🤖 AI Summary
This work addresses the performance limitations of neural Koopman operators in modeling and controlling nonlinear robotic systems, which stem from an unclear trade-off between dataset size and latent space dimensionality. The study presents the first rigorous derivation of an upper bound on the Koopman approximation error, decomposing it into sampling and projection errors. Building on this decomposition, the authors establish a quantitative scaling law that relates sample complexity, latent dimension, and control performance. Guided by this theoretical insight, they propose two lightweight regularization strategies—covariance loss and inverse control loss—to optimize the allocation of data and model resources. Experiments across six robotic environments validate the derived scaling law and demonstrate that the proposed methods significantly improve both dynamic modeling accuracy and closed-loop control performance.
📝 Abstract
Data-driven neural Koopman operator theory has emerged as a powerful tool for linearizing and controlling nonlinear robotic systems. However, the performance of these data-driven models fundamentally depends on the trade-off between sample size and model dimensions, a relationship for which the scaling laws have remained unclear.
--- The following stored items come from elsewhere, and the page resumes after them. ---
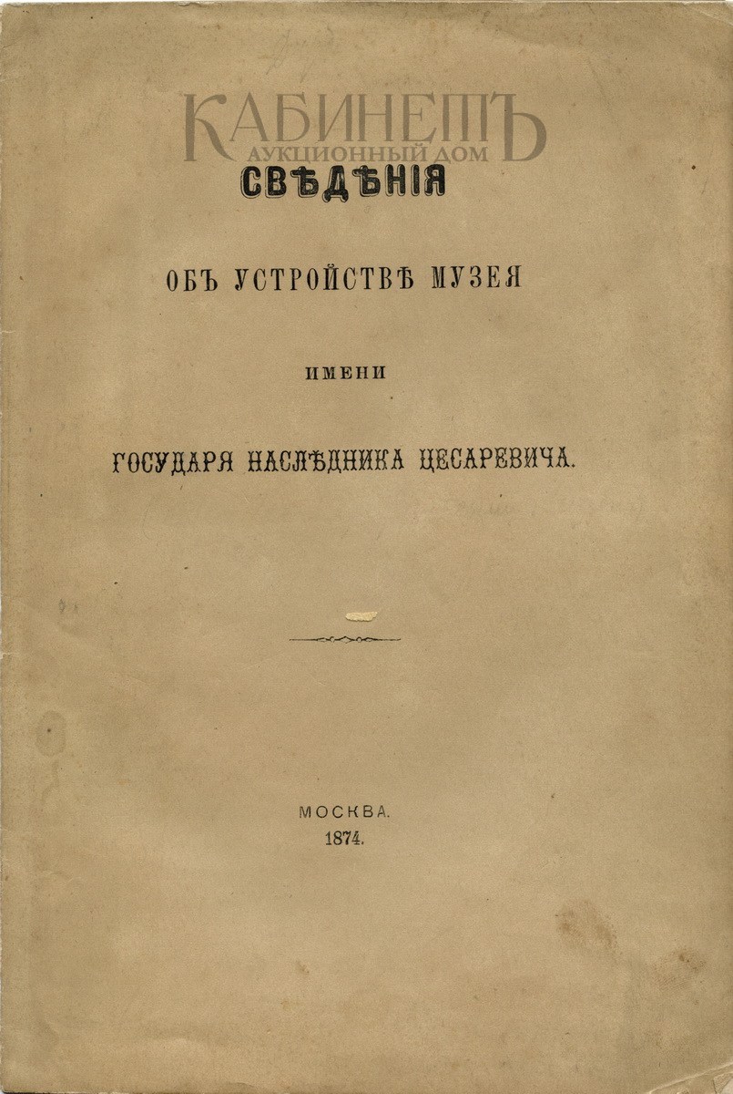 Сведения об устройстве музея имени Государя Наследника Цесаревича. М., Синодальная типография, 1874.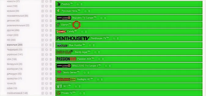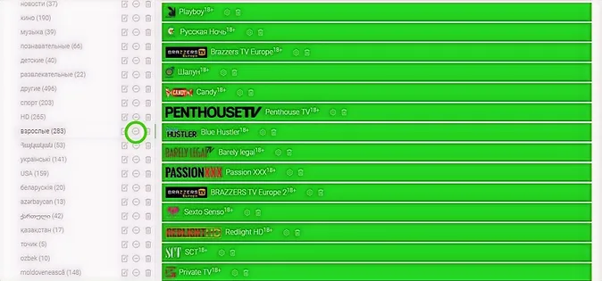 On the website ottplayer.tv in the "Playlists" section, go to the channel settings and set "Yes" adult (18+)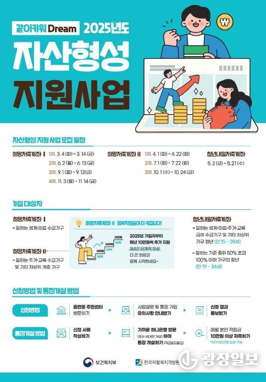 ‘희망저축계좌Ⅰ’은 근로활동을 하고 있는 생계·의료급여 수급 가구를 대상으로, 매월 10만 원 이상을 저축하면 정부가 월 30만 원의 근로소득 장려금을 추가 지원하는 맞춤형 자산형성 지원사업이다.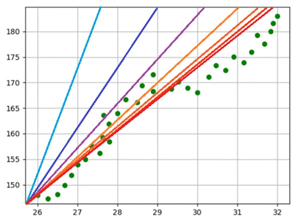 작은 폭으로 뛸 때, 합리적인 직선을 거의 찾았다고 생각하시면 됩니다.
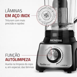 Com 1.100W de potência e capacidade total de 3 litros, o liquidificador Mondial Turbo L-1100 é perfeito para a sua família! Ele oferece vantagens na preparação de grandes porções: são 12 velocidades, 4 lâminas em inox, sendo 2 lisas e 2 serrilhadas, além da função Autolimpeza. Você pode preparar bolo de cenoura, pão de queijo, pizza de liquidificador e outras receitas em ‘tamanho família’. Saiba tudo sobre o L-1100-BI:

This paper establishes a rigorous framework to address this challenge by deriving and empirically validating scaling laws that connect sample size, latent space dimension, and downstream control quality. We derive a theoretical upper bound on the Koopman approximation error, explicitly decomposing it into sampling error and projection error. We show that these terms decay at specific rates relative to dataset size and latent dimension, providing a rigorous basis for the scaling law. Based on the theoretical results, we introduce two lightweight regularizers for the neural Koopman operator: a covariance loss to help stabilize the learned latent features and an inverse control loss to ensure the model aligns with physical actuation. The results from systematic experiments across six robotic environments confirm that model fitting error follows the derived scaling laws, and the regularizers improve dynamic model fitting fidelity, with enhanced closed-loop control performance. Together, our results provide a simple recipe for allocating effort between data collection and model capacity when learning Koopman dynamics for control.